> **Data supplied**
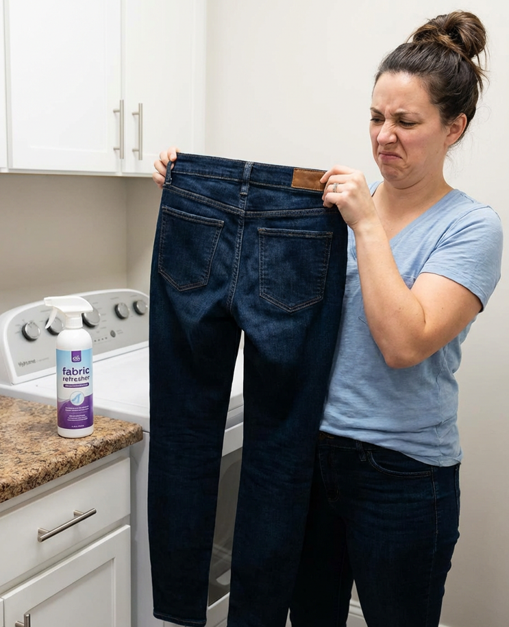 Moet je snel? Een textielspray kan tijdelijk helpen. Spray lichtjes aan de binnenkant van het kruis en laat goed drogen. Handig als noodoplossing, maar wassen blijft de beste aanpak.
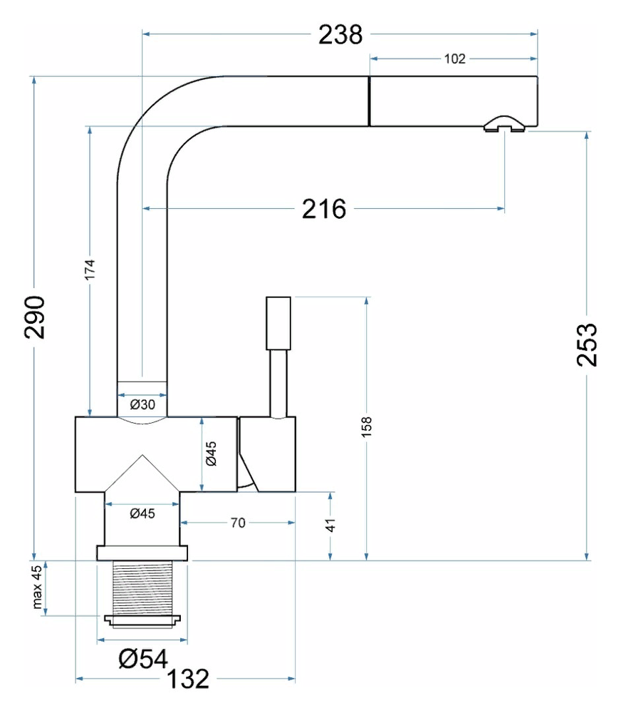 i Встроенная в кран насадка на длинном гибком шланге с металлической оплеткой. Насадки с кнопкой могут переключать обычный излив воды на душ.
---
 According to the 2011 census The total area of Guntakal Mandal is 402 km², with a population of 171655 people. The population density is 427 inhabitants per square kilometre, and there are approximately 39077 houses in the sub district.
==
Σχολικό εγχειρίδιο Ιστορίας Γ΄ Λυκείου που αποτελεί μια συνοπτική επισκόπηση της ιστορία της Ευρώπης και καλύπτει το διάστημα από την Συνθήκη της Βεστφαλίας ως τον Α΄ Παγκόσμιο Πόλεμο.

> **Task statement**
Using the entries above, transcribe every line from the line containing "Moet je snel?" through the line containing "i Встроенная в". Do not copy pictures.

> **Exercise result**
 Moet je snel? Een textielspray kan tijdelijk helpen. Spray lichtjes aan de binnenkant van het kruis en laat goed drogen. Handig als noodoplossing, maar wassen blijft de beste aanpak.
 i Встроенная в кран насадка на длинном гибком шланге с металлической оплеткой. Насадки с кнопкой могут переключать обычный излив воды на душ.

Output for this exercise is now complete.